Pero, en otro sentido, el revelado que
pretenden los autores se refiere también al hecho de traer a la luz aquello que
ha quedado oculto, bien por el paso del tiempo, el cambio en las corrientes
cinematográficas o por cualquier otra razón; levantar ese velo que oculta o
difumina una realidad desconocida o, en todo caso, poco publicitada.
Tampoco podemos pasar por alto las
connotaciones religiosas del término. Revelar significa proclamar una verdad,
expandir la buena nueva y compartir con otros el conocimiento que se tiene
sobre algo.
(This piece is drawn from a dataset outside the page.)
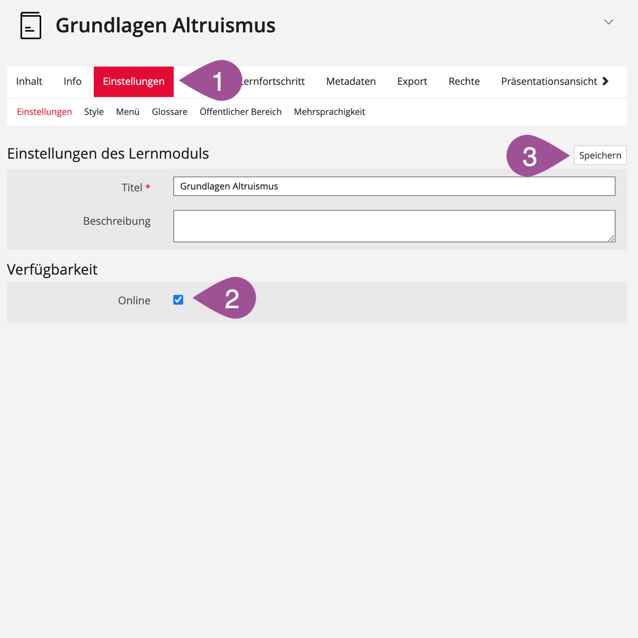Geben Sie dem Lernmodul einen Titel. | |

No es otra cosa lo que hacen los autores de este volumen cuando propagan
su pasión por unas figuras relevantes de la historia del cine que merecen una
atención de la que el tiempo, la crítica o el público general les ha privado.
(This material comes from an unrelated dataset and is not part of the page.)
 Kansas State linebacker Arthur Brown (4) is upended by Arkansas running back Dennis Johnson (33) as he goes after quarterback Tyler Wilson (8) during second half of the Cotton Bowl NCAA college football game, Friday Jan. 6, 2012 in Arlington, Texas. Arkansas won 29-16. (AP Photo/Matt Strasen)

Es tiempo de informar de que Hollywood
revelado es una obra escrita a cinco manos encargadas cada una de ellas
de dos capítulos dedicados a diez directores poco conocidos o, en algún caso,
del que poco se conoce (nótese el matiz).
La coordinación de la obra (así como la
introducción y dos capítulos de la misma) corre a cuenta de Fernando
R. Genovés, quien desde su Cinema Genovés, renueva
cartelera cada lunes trayendo al presente títulos que merecen no ser olvidados.
Los cuatro restantes autores (Josep
Carles Laínez, Hilario J. Rodríguez, Carlos Tejeda y Enrique
S. Tenreiro) comparten con Genovés su pasión por el cine y la vocación
divulgadora, tanto a través de medios escritos como de Internet..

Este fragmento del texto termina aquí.